Goal of the exercise ▸
Repeat, exactly as written, the lines from the one with "SECO Coronavirus Essential" to the final line of the listing, and keep every picture out.

--- Material provided Enclosed Below ---

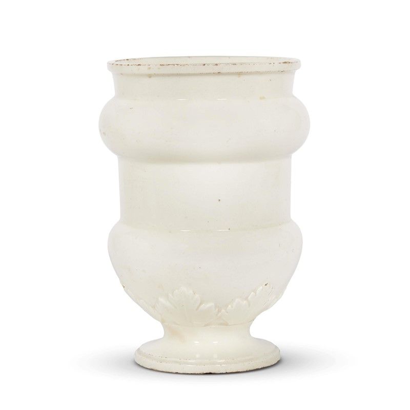in terraglia acroma, corpo a rocchetto con ventre marcato su alto piede a calice rastremato verso il basso con una decorazione a foglie di vite a rilievo, spalla rigonfia e orlo tagliato a stecca su breve collo cilindrico. Il vaso è lasciato privo di decoro secondo la moda della terraglia “ad uso di Inghilterra”, moda che aveva ormai preso in Italia e nelle manifatture pesaresi tra la fine del XVIII e l’inizio del XIX secolo, come ad esempio le fabbriche Benucci e Latti e le altre minori attive nella città marchigiana in quegli anni; alt. cm 17,5, diam. bocca cm 11,4, diam. piede cm 7,2
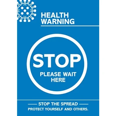 SECO Coronavirus Essential Poster "Health Warning Stop Please Wait Here", A4, Blue and White
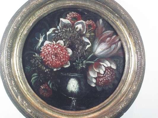 Inscribed 'Lady Evelyn Mason' verso, oil on board, roundel

--- End of Enclosed Material provided ---

Result ▸
 SECO Coronavirus Essential Poster "Health Warning Stop Please Wait Here", A4, Blue and White
 Inscribed 'Lady Evelyn Mason' verso, oil on board, roundel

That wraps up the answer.